Please repeat every entry exactly as given, apart from dropping the images.

============================================================

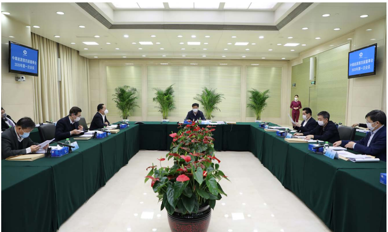
中煤能源董事会会议

依法治企。 公司秉承依法治企、合规经营理念，全面打造依法治企的企业法人、诚实守信的经营实体、公平竞争的市场主体，模范遵守国家法律法规和政府监管规定，积极维护企业信用。公司制定了《中煤能源依法治企工作方案》，提出了建立法律风险管理标准、加强公司合规管理工作、深入推动法律管理体系、全面提升依法治企能力等四
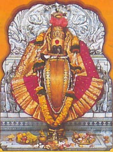
॥ श्री महालक्ष्मी प्रसन्न ॥
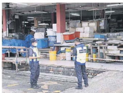
在后日早上9时进行，呼吁小贩给予配合，主动前来接受检测。”

他提及，旧区巴刹共有578个摊档，是今日起关闭；两座巴刹将至少关闭5天，从即日起生效。
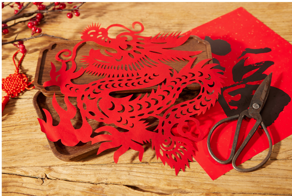
图 1-4 剪纸作品
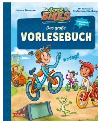
SUPERBIKES Das große Vorlesebuch 128 Seiten ISBN 978-3-551-27184-6 Erscheinungstermin: 26.03.2026
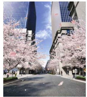
江戸桜通り側ファサード (イメージパース)
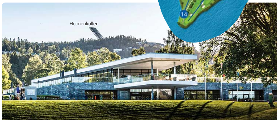
Klubbhuset på Bogstad
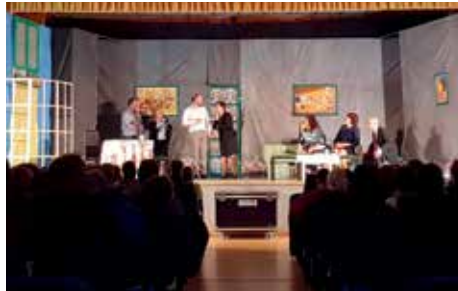
Actuación de Teatro Charamela de Melide
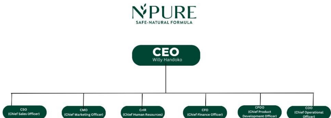
Gambar 2. 5 Struktur Perusahaan NPURE

Sebagai brand skincare yang telah beroperasi sejak tahun 2017, adapun struktur organisasi yang mengatur proses pelaksanaan kerja dari setiap divisi di perusahaan
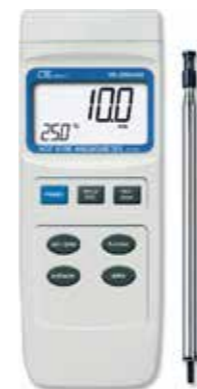
HOT WIRE ANEMOMETER + AIR FLOW Model: YK - 2004AH
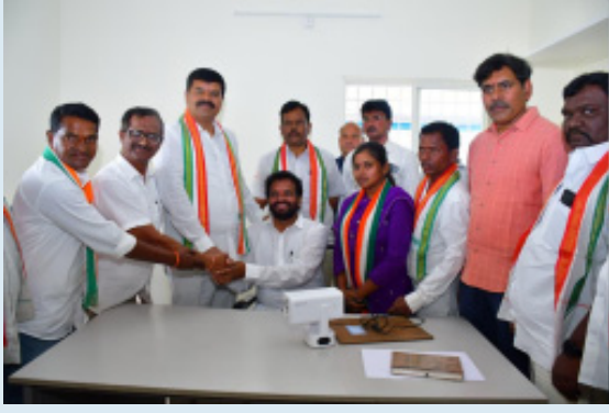
మణుగూరు, ఫిబ్రవరి 02 (భారతశక్తి): ప్రజా పాలనలో గ్రామీణ ప్రాంతాల అభివృద్ధి లక్ష్యమని పిన్ పాక నియోజకవర్గ

-విద్యుత్ శాఖ అభివృద్ధిలో మరో కీలక ఘట్టం -ఎలక్ట్రికల్ ఏడి కార్యాలయ నూతనభవనాన్ని ప్రారంభించిన ఎమ్మెల్యే పాయం

============================================================

◆ **Solved exercise**
中煤能源董事会会议

依法治企。 公司秉承依法治企、合规经营理念，全面打造依法治企的企业法人、诚实守信的经营实体、公平竞争的市场主体，模范遵守国家法律法规和政府监管规定，积极维护企业信用。公司制定了《中煤能源依法治企工作方案》，提出了建立法律风险管理标准、加强公司合规管理工作、深入推动法律管理体系、全面提升依法治企能力等四
॥ श्री महालक्ष्मी प्रसन्न ॥
在后日早上9时进行，呼吁小贩给予配合，主动前来接受检测。”

他提及，旧区巴刹共有578个摊档，是今日起关闭；两座巴刹将至少关闭5天，从即日起生效。
图 1-4 剪纸作品
SUPERBIKES Das große Vorlesebuch 128 Seiten ISBN 978-3-551-27184-6 Erscheinungstermin: 26.03.2026
江戸桜通り側ファサード (イメージパース)
Klubbhuset på Bogstad
Actuación de Teatro Charamela de Melide
Gambar 2. 5 Struktur Perusahaan NPURE

Sebagai brand skincare yang telah beroperasi sejak tahun 2017, adapun struktur organisasi yang mengatur proses pelaksanaan kerja dari setiap divisi di perusahaan
HOT WIRE ANEMOMETER + AIR FLOW Model: YK - 2004AH
మణుగూరు, ఫిబ్రవరి 02 (భారతశక్తి): ప్రజా పాలనలో గ్రామీణ ప్రాంతాల అభివృద్ధి లక్ష్యమని పిన్ పాక నియోజకవర్గ

-విద్యుత్ శాఖ అభివృద్ధిలో మరో కీలక ఘట్టం -ఎలక్ట్రికల్ ఏడి కార్యాలయ నూతనభవనాన్ని ప్రారంభించిన ఎమ్మెల్యే పాయం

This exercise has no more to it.